*Task description*:
Reproduce all the entries exactly and keep the pictures out.

[Exercise data]

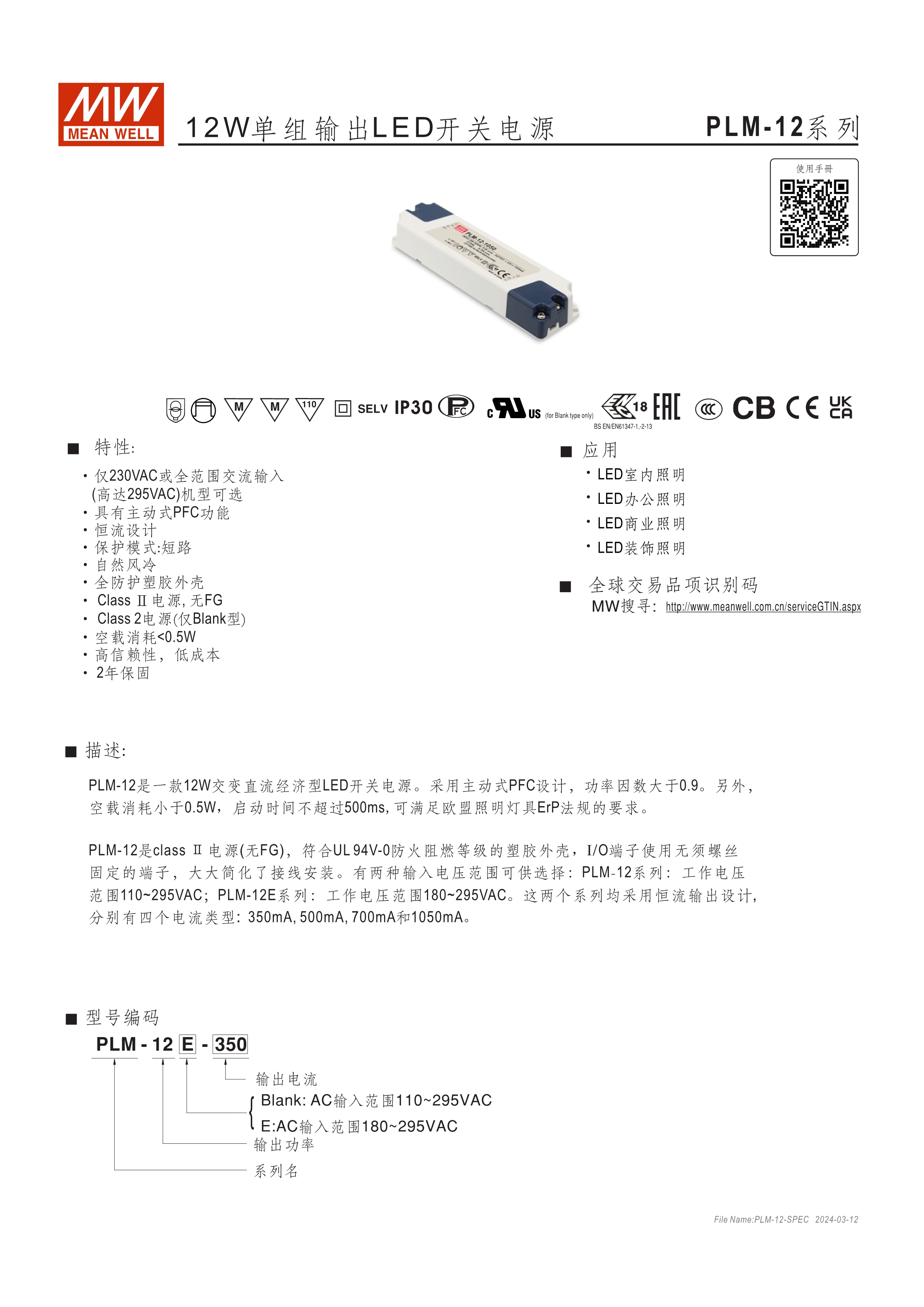 110~295VAC交流輸入 (E型:180~295VAC交流輸入) 內(nèi)建主動(dòng)式功率因子矯正功能 (active PFC) 塑料外殼,IP30防護(hù)等級 Class II設(shè)計(jì),無FG 壓線式輸出/輸入端子臺 恒流設(shè)計(jì) 空載待機(jī)消耗瓦數(shù)<0.5W 適合于LED室內(nèi)照明相關(guān)應(yīng)用
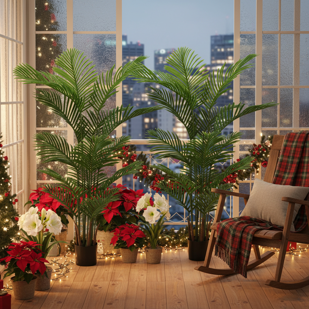 Natural Tropical Charm: Showcases 15 lush, arching fronds imitating natural palms. Brings natural warmth and festive ambiance to any space.
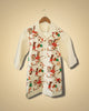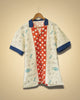“Mickey Ki Mogra” is a whimsical, head-turning hybrid. It combines the refined elegance of vintage embroidered lace with the bold joy of stamped Mickey Mouse medallions in red, orange, and green. This shirt playfully blurs timelines — from 1940s Lucknow to 1980s Disneyland to 2025 Lahore.
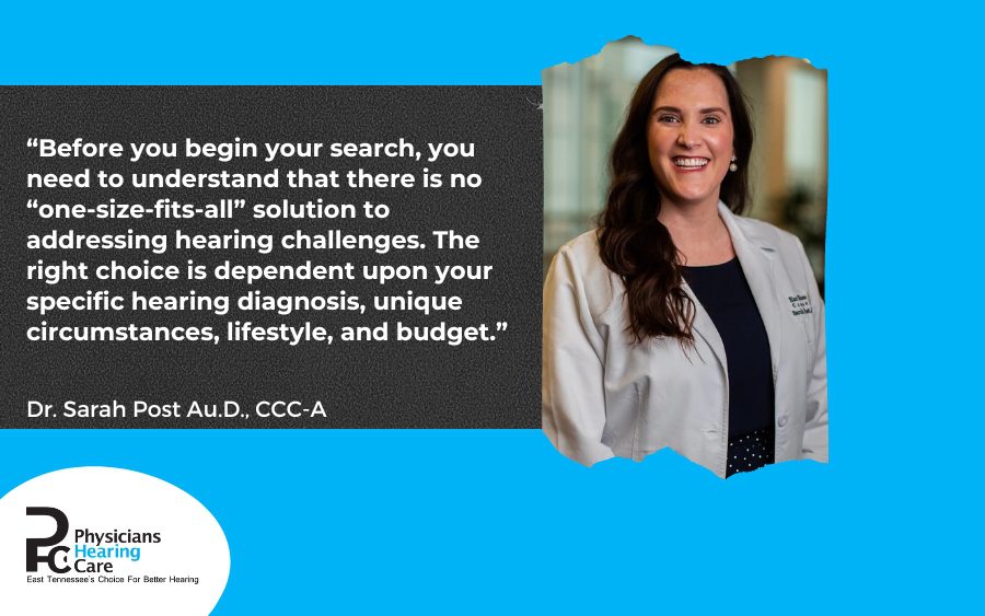 Before you begin your search, you need to understand that there is no “one-size-fits-all” solution to addressing hearing challenges. The right choice is dependent upon your specific hearing diagnosis, unique circumstances, lifestyle, and budget.
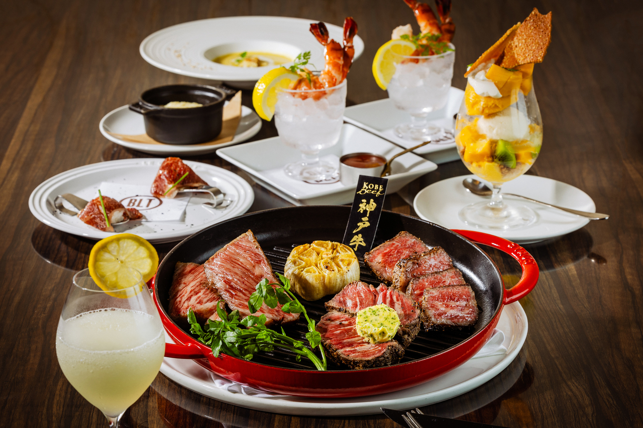 キャビアを添えた前菜やロブスターグリル、メインはドライエイジングTボーンステーキ700gと

[/Exercise data]

*Answer box*:
 110~295VAC交流輸入 (E型:180~295VAC交流輸入) 內(nèi)建主動(dòng)式功率因子矯正功能 (active PFC) 塑料外殼,IP30防護(hù)等級 Class II設(shè)計(jì),無FG 壓線式輸出/輸入端子臺 恒流設(shè)計(jì) 空載待機(jī)消耗瓦數(shù)<0.5W 適合于LED室內(nèi)照明相關(guān)應(yīng)用
 Natural Tropical Charm: Showcases 15 lush, arching fronds imitating natural palms. Brings natural warmth and festive ambiance to any space.
“Mickey Ki Mogra” is a whimsical, head-turning hybrid. It combines the refined elegance of vintage embroidered lace with the bold joy of stamped Mickey Mouse medallions in red, orange, and green. This shirt playfully blurs timelines — from 1940s Lucknow to 1980s Disneyland to 2025 Lahore.
 Before you begin your search, you need to understand that there is no “one-size-fits-all” solution to addressing hearing challenges. The right choice is dependent upon your specific hearing diagnosis, unique circumstances, lifestyle, and budget.
 キャビアを添えた前菜やロブスターグリル、メインはドライエイジングTボーンステーキ700gと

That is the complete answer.